5.2. EFFICIENCY OF TEACHER GUIDED ACCURACY PREDICTION

The Collecting time refers to the time required to obtain architecture-performance pairs (Number of samples) in the guided meta-learning strategy. Our one-shot adaptation guided search with the teacher network which is already trained under the DaNAS task is much more efficient than utilizing a few-shot adaptation with a few student architecture-accuracy pair(s). Our model only needs 2.57(s) and 1.55(s) on CUB and DTD, respectively, which significantly reduces the adaptation time. In Table 3 , we validate our meta-prediction model with other rapid performance prediction methods. Zero-cost proxies, which are representative rapid performance prediction methods, calculate the scores of architectures by feeding a few batches of the target dataset into randomly initialized architectures. Therefore, they are efficient but cannot consistently predict the distillation performance across all unseen datasets. As shown in Table 3 , ours outperforms all rapid NAS baseline models in terms of SRC, including these 6 zero-cost proxies (Abdelfattah et al., 2021; Mellor et al., 2021) and 2 meta-accuracy prediction models (Lee et al., 2021a; Jeong et al., 2021) on 4 unseen datasets. Additionally, the average search time of ours is only 0.05 GPU seconds, which is competitive with other rapid NAS methods. We further validate the proposed meta-prediction model by conducting end-to-end DaNAS tasks on 4 unseen datasets. For a fair comparison, we randomly sample 3, 000 student architectures and select the Top-1 student architecture whose estimated performance by each method is the highest, then distill the knowledge from the same teacher trained on the target dataset to the selected student architecture with the same number of epochs. The results in Table 4 show that the student architecture found by ours distills the knowledge from the teacher network better than the student architecture found by other baselines on 4 unseen datasets.

5.4. COMPARISON WITH META-ACCURACY PREDICTION MODELS ON UNSEEN DATASETS

ACROSS DOMAINS We further conducted an evaluation of DaSS on Broader Study of Cross-Domain Few-Shot Learning (BSCD-FSL) benchmark datasets (Guo et al., 2020) . The benchmark datasets are from different domains compared with the datasets that we have used to learn our meta-prediction model during the meta-training phase. As shown in Table 5 , for the EuroSAT, ISIC, and ChestX of the BSCD-FSL benchmark except for the easiest dataset, CropDisease, the student architectures obtained by DaSS are better at KD than other meta-prediction model baselines. The results show that the meta-knowledge of our prediction model with distillation-aware task encoding trained over the meta-training tasks with our adaptation strategy with the teacher is effective in cross-domain datasets as well as in the same-domain datasets. We validate DaSS with the larger pixels (256 × 256) on ImageNet-1K, a representative large-scale real-world dataset, by conducting end-to-end DaNAS with the pre-trained teacher, which is the largest architecture in a ResNet search space. The search space in this Section is defined by Cai et al. (2020) , and it is based on more depth and channel widths compared to previous experiments.
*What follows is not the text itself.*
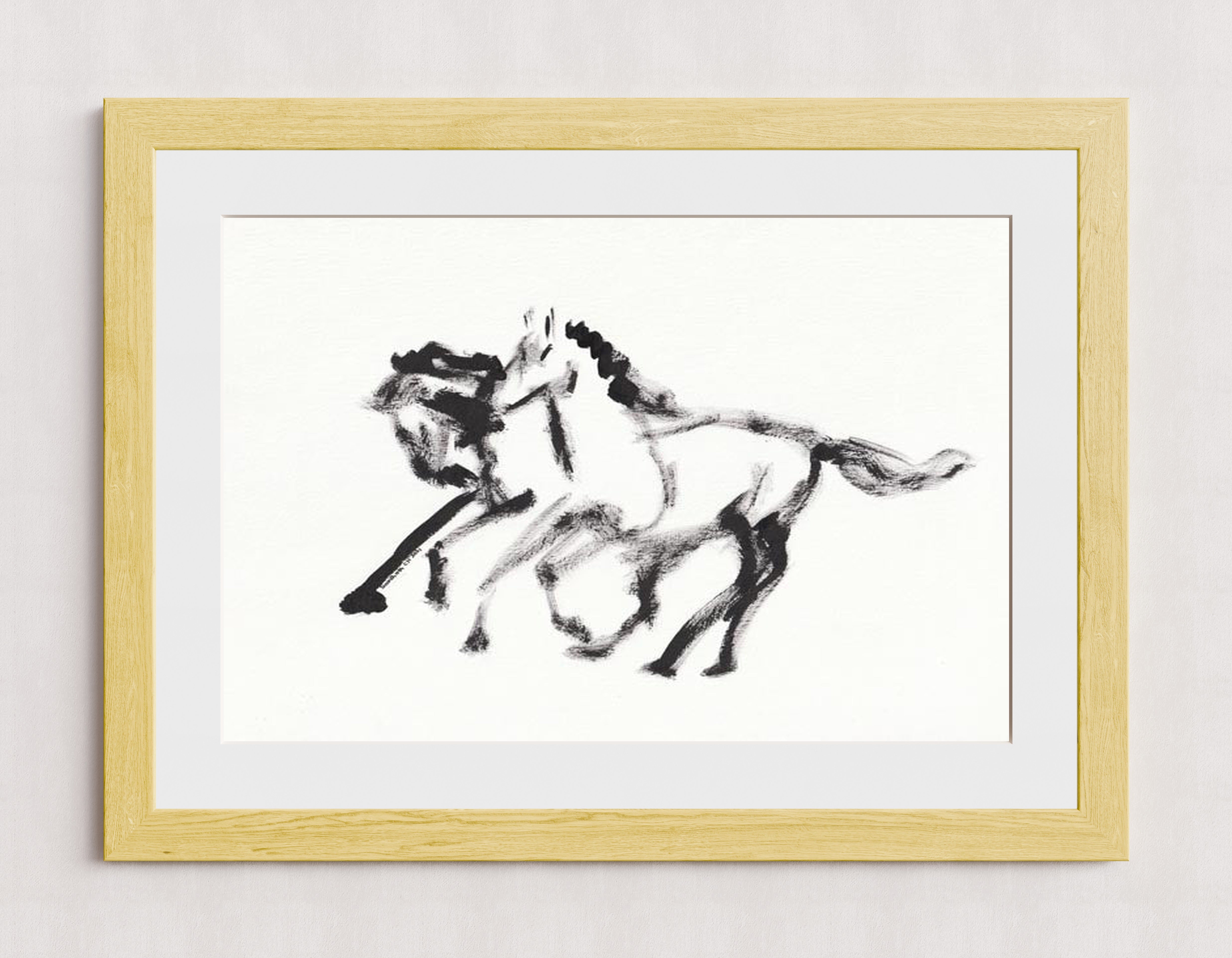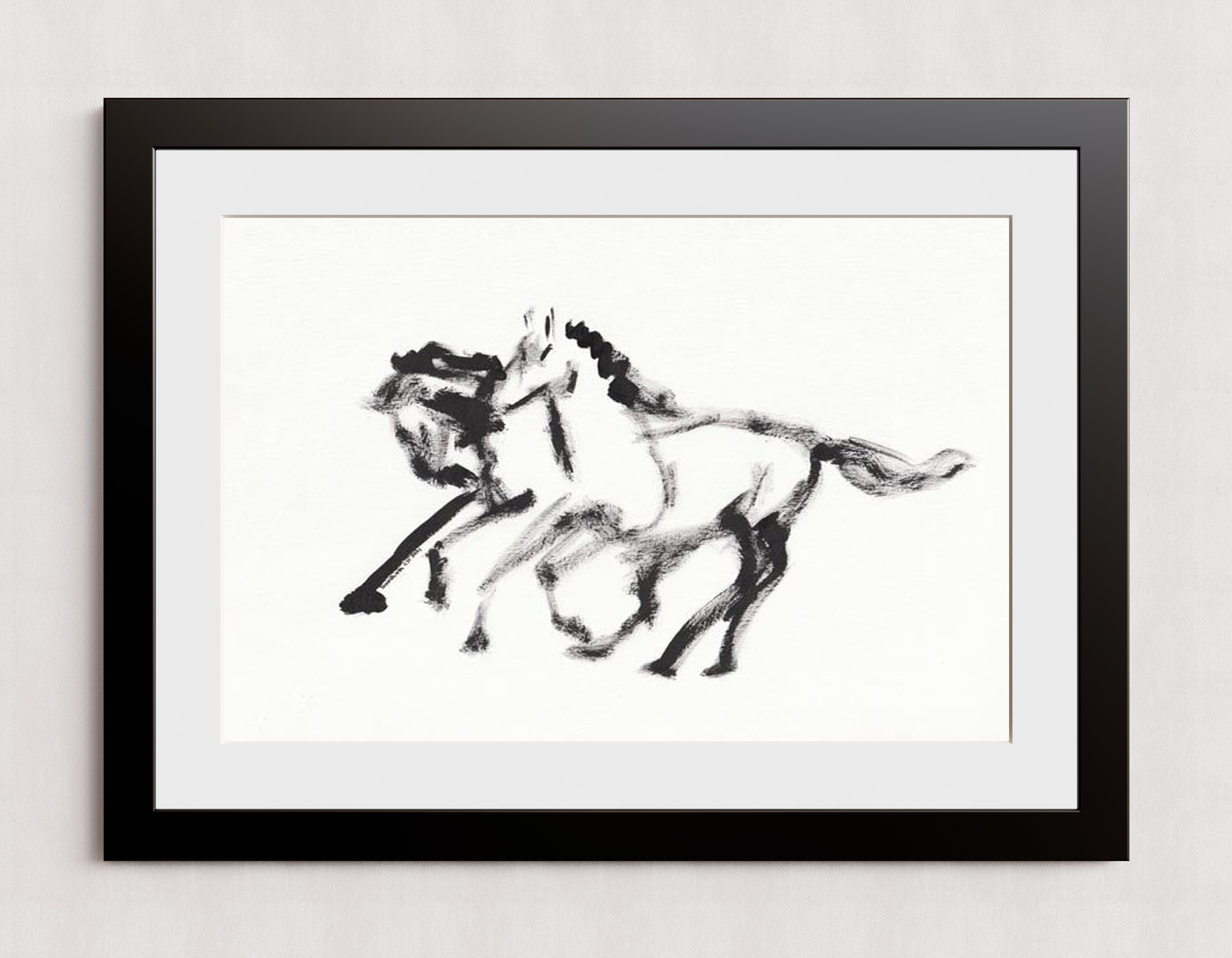 A dynamic abstract illustration of horses created with black ink strokes on a white background. The artwork captures movement and energy through expressive brushwork.

Using our method DaSS and other meta-accuracy prediction model baselines (MetaD2A and TANS), we select an architecture with a Top-1 score in each method. Then we distill knowledge from the same pre-trained teacher to the obtained student architecture in the same training setting and report the best performance evaluated on the validation set. As shown in Table 6 , DaSS successfully searched for more accurate and efficient student architecture, which shows 79.00% accuracy, outperforming the student architectures retrieved by the baseline methods. In sum, the results show that DaSS is not limited to specific models and works well with larger pixels, demonstrating its practicality. More results of experiments with larger pixels are in Appendix F, and more description about the experiment setting is in Appendix E.

6. CONCLUSION

We proposed a novel meta-prediction model, DaSS, that generalizes across datasets, architectures, and teacher networks on DaNAS tasks, which can accurately predict the performance of an architecture when distilling the knowledge of the given teacher network. Existing task-independent DaNAS models require collecting a large number of architecture-accuracy samples as the training set for each dataset-teacher-architecture triplet. The task-conditioned meta-prediction models, on the other hand, can generalize to new datasets, but they are sub-optimal in that they do not consider the KD aspects. In order to devise a meta-prediction model for solving DaNAS tasks, we introduce a novel distillationaware task encoding based on the embedding of the teacher and a parameter remapping scheme. We also leverage a rapid gradient-based one-shot adaptation of the meta-prediction model on a target task by guiding it with a teacher-accuracy pair, unlike existing meta-accuracy prediction methods, which do not take inner-gradient steps for task adaptation. The experimental results demonstrated that the proposed model outperforms existing rapid NAS methods, such as meta-NAS methods and zero-cost proxies, for the accuracy estimation on the heterogeneous unseen DaNAS tasks.

A SEARCH SPACE

Our ResNet (He et al., 2016) search space is factorized hierarchical search space; thus, architecture candidates in this search space can have variable depth and channel widths in each stage, which means a sub-module that divides the entire network into smaller units. More specifically, our ResNet search space in Section 5 consists of 4 stages. Similarly to (Cai et al., 2020; Lu et al., 2020) , we perform a depth-wise search to select the number of convolutional neural layers for each stage and then perform a channel-wise search to select the number of channel widths for each layer. To further explain the architecture configuration notation in Section 5, Detph Config. means how many blocks exist in each stage respectively, and Width Config. means the number of channels in the ResNet block convolutional layers at each stage that are obtained by multiplying a channel width shrink ratio by base channel widths predefined for each stage. In Section 5 except for Section 5.5, Depth Config. can be chosen from {1, 2, 3, 4} for each stage, the base channel width is [32, 64, 128, 256] , and the channel shrink ratio for each layer can be chosen from {0.125, 0.25, 0.375, 0.5, 0.625, 0.75, 0.875, 1.0}. In the case of Section 5.5, Depth Config. can be chosen from {0, 1, 2} and it indicates how much more depth is added to the existing base depth at each stage. Additionally, the base channel width is [256, 512, 1024, 2048] , and the channel shrink ratio for each layer can be chosen from {0.65, 0.8, 1.0}. For all architectures in the search space, the channel shrink ratio of the last layer of each stage is fixed to 1 in order to make the dimension of the output feature the same for each stage.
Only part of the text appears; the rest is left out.